Items from a data source

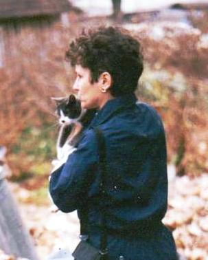 Sam with Dudley, taken when she met Mom and me at Woodbury to retrieve Dudley after I had kept him awhile.
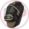 Лапы гнутые эргономические используются на тренировках для отработки спортсменом с тренером акцентированных ударов. Для развития сильного и точного удара в момент соприкосновения перчатки с целью тренер создает мышечное напряжение в руке, на которую надела лапа. Удобный хват, нескользящая накладка под ладонь и изогнутая форма, которая повторяет изгиб ладони, позволяет снизить нагрузку и свести к минимуму воздействие на руки тренера. Лапы изготовлены из прочной, износостойкой искусственной кожи, способной выдерживать большие нагрузки. Дополнительно все детали продублированы нетканым материалом высокой плотности. Это придаёт конструкции ещё большую прочность.
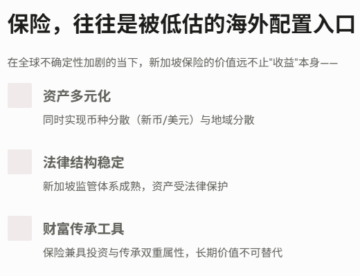 在全球资产配置的大趋势下,越来越多高净值客户开始关注新加坡保险——不仅因为监管稳健,更因为其在货币、收益与传承结构上的独特优势。
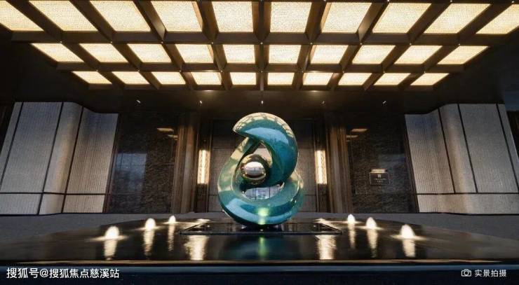 入口处整面运用巴西天然铂金钻奢石,铂金色彩如泉水般流淌,深邃璀璨,与礼序金属大门交相辉映。中心雕塑水景以安哥拉黑石材为基,托举“泉城明珠”艺术雕塑,寓意引泉踏水而归。
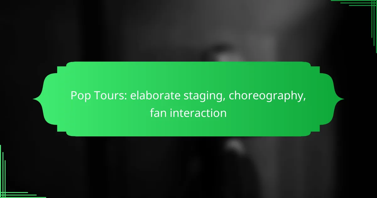 Pop tours are a vibrant fusion of elaborate staging, dynamic choreography, and interactive fan experiences that elevate live performances to new heights. By incorporating advanced technology and innovative designs, these tours create immersive environments that captivate audiences and foster a deeper connection with the artists. The choreography not only enhances the visual appeal but also transforms concerts into unforgettable spectacles that resonate with fans long after the final note is played.
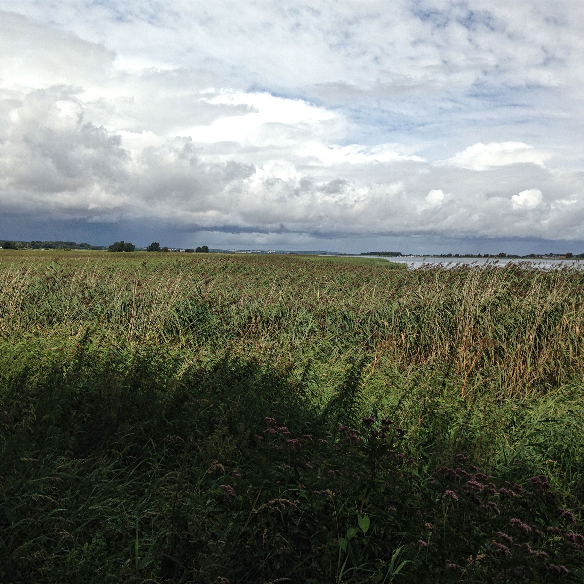 Gå op på diget bag færgehuset og følg diget ind ad langs fjorden. Hævet nogle få meter over havets overflade er der fri udsigt over Randers Fjord til venstre og de store, inddæmmede markarealer og skovene på de gamle fjordskrænter til højre.
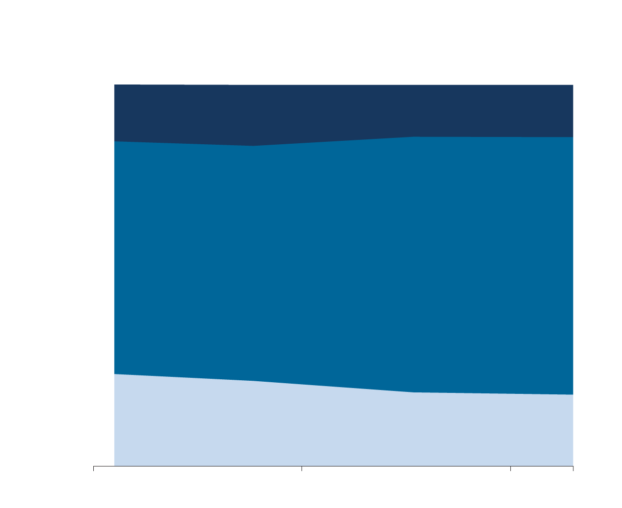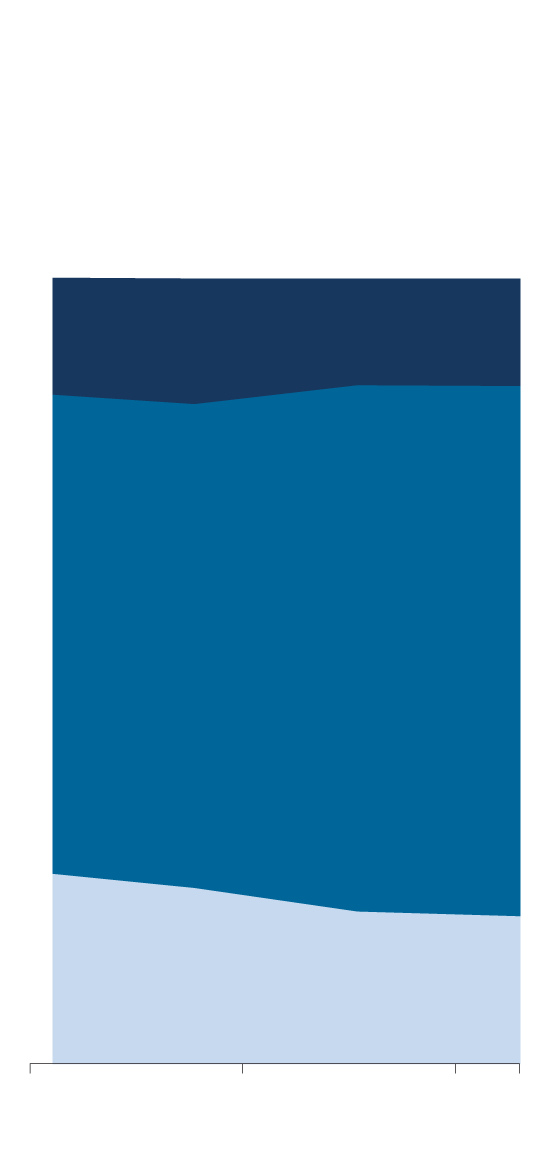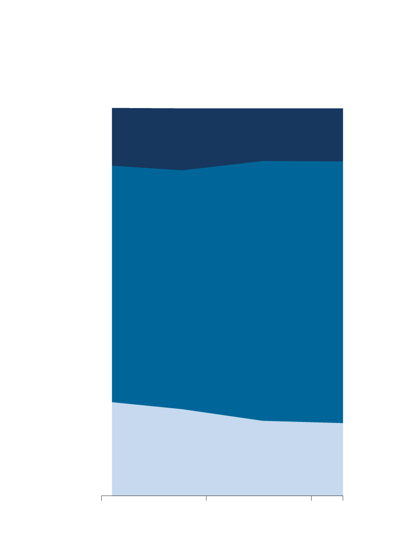 % of adult population in middle-, lower- and upper-income tiers, 1991 to 2013
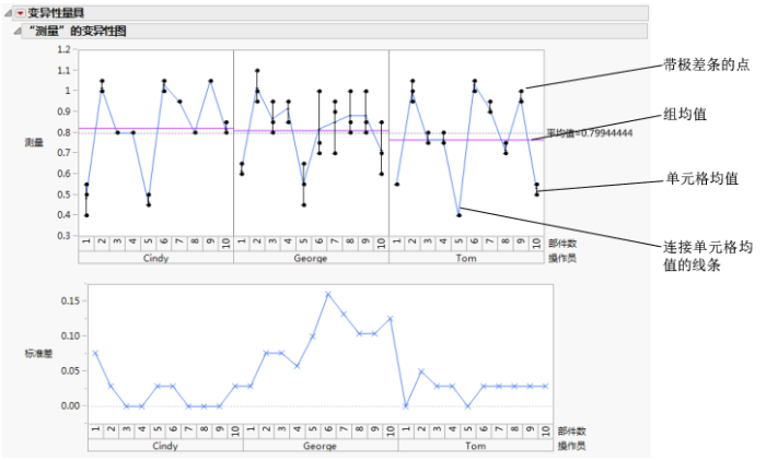 中,测量值图显示按部件划分的每名操作员的测量值极差。每个测量值显示在图上。最大值条和最小值条指示每个单元格值的极差,单元格均值条指示每个值组合的中位数值。标准差图绘制操作员测量每个部件所得测量值的标准差。

■ **WORK INSTRUCTION**
Each line from the start of the entries to the line holding "Pop tours are" is to be given again exactly, both ends included, and each picture is to be left out.

■ **WORKED SOLUTION**
 Sam with Dudley, taken when she met Mom and me at Woodbury to retrieve Dudley after I had kept him awhile.
 Лапы гнутые эргономические используются на тренировках для отработки спортсменом с тренером акцентированных ударов. Для развития сильного и точного удара в момент соприкосновения перчатки с целью тренер создает мышечное напряжение в руке, на которую надела лапа. Удобный хват, нескользящая накладка под ладонь и изогнутая форма, которая повторяет изгиб ладони, позволяет снизить нагрузку и свести к минимуму воздействие на руки тренера. Лапы изготовлены из прочной, износостойкой искусственной кожи, способной выдерживать большие нагрузки. Дополнительно все детали продублированы нетканым материалом высокой плотности. Это придаёт конструкции ещё большую прочность.
 在全球资产配置的大趋势下,越来越多高净值客户开始关注新加坡保险——不仅因为监管稳健,更因为其在货币、收益与传承结构上的独特优势。
 入口处整面运用巴西天然铂金钻奢石,铂金色彩如泉水般流淌,深邃璀璨,与礼序金属大门交相辉映。中心雕塑水景以安哥拉黑石材为基,托举“泉城明珠”艺术雕塑,寓意引泉踏水而归。
 Pop tours are a vibrant fusion of elaborate staging, dynamic choreography, and interactive fan experiences that elevate live performances to new heights. By incorporating advanced technology and innovative designs, these tours create immersive environments that captivate audiences and foster a deeper connection with the artists. The choreography not only enhances the visual appeal but also transforms concerts into unforgettable spectacles that resonate with fans long after the final note is played.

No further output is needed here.